In a report published to coincide with World No Tobacco Day, the pressure group ASH (Action on Smoking and Health) claimed that some tobacco companies are flooding foreign markets with more products than there is demand.
The report said that when some of this tobacco is subsequently smuggled back to the UK, it enables the companies to point to the dangers of a burgeoning contraband trade and to say that measures such as increasing tax would only serve to make legitimate cigarettes more expensive.
“They can argue that there is already a lot of smuggling, so you can’t increase duties further,” said Deborah Arnott, chief executive of ASH. “Our paper shows the appalling hypocrisy of the industry: they have been shouting about illicit trade, while remaining up to their necks in it themselves.”
The claims were denied last night, but the ASH report is likely to add to long-standing worries about the tactics of the tobacco industry, which often uses arguments about smuggling and counterfeiting to oppose higher duties and plain packaging.
Criticising an increase in tobacco duties in March’s Budget, for example, the Tobacco Manufacturers’ Association (TMA) said: “The illegal market is clearly growing as consumers seek cheaper products elsewhere.
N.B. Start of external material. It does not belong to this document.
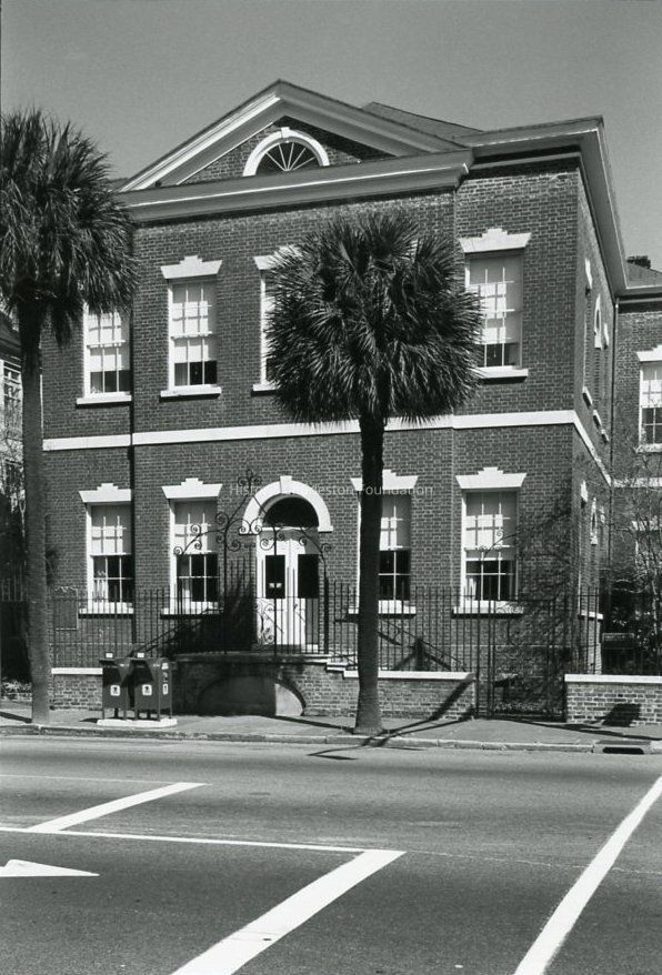 B&W photograph of 50 Broad Street (Bank of South Carolina), viewed from across the street, showing the south elevation with its pediment restored to its 1798 appearance.Collection

Plain packaging will be a gift to the criminal gangs who wish to flood the UK market with cheap, counterfeit tobacco.”
Suspicions about oversupplying foreign markets to stimulate a return trade in smuggling to the UK have been raised by organisations including HM Revenue and Customs (HMRC), which has reported that the 2011 supply of some brands of rolling tobacco to some countries exceeded legitimate demand by 240 per cent.
In November, British American Tobacco was fined £650,000 by HMRC for oversupplying cigarettes to Belgium, although the company insisted it was “providing a perfectly legal supply to a legitimate demand” and announced its intention to challenge the fine in court.
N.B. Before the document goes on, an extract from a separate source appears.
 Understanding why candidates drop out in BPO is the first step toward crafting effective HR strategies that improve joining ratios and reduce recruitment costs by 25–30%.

The ASH claims were backed by the report “Illegal Trade of Tobacco Products”, released last week by the World Health Organisation, which created World No Tobacco Day in 1987. The United Nations organisation claimed: “The tobacco industry covertly and overtly supports the illegal trade, from providing products to the market, to working to block tobacco control by trying to convince governments that measures like health warnings or tax increases will lead to more illicit trade.”
The ASH report also claimed that the tobacco industry regularly exaggerated the extent of smuggling and counterfeiting. It cited the Project Star report produced by the audit firm KPMG for the tobacco company Philip Morris International, which put the illicit cigarette trade at 16.4 per cent of the UK market in 2012 – higher than the HMRC estimate of 4 to 13 per cent.
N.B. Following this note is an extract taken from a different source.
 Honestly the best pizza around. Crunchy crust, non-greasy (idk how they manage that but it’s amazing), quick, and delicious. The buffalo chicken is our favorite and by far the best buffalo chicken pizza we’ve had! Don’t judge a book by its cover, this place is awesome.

Ms Arnott said that, despite tobacco companies’ claims of growing illegality, the HMRC mid-point estimates of the illicit trade’s UK market share have fallen from 21 per cent in 2000 to 10 per cent in 2013-14. “But,” she said, “that won’t stop the tobacco industry from routinely using the threat of illicit trade to try to block tobacco control measures.”
Rejecting ASH’s claims, Giles Roca, director general of the TMA, said: “The tobacco industry is firmly committed to tackling illegal trade. Anti-smoking lobby groups such as ASH fail to demonstrate any real understanding of the drivers of the illegal market, such as the UK’s very high tax policy, and instead focus on making unhelpful allegations.”
Citing HMRC figures showing that the “tax gap” caused by the illicit tobacco trade had increased to £2.1bn in 2013-14 from £1.6bn in 2011-12, he said: “The Government’s own data shows that the illegal trade is rising.” KPMG last night stood by the findings of its 2013 Project Star report.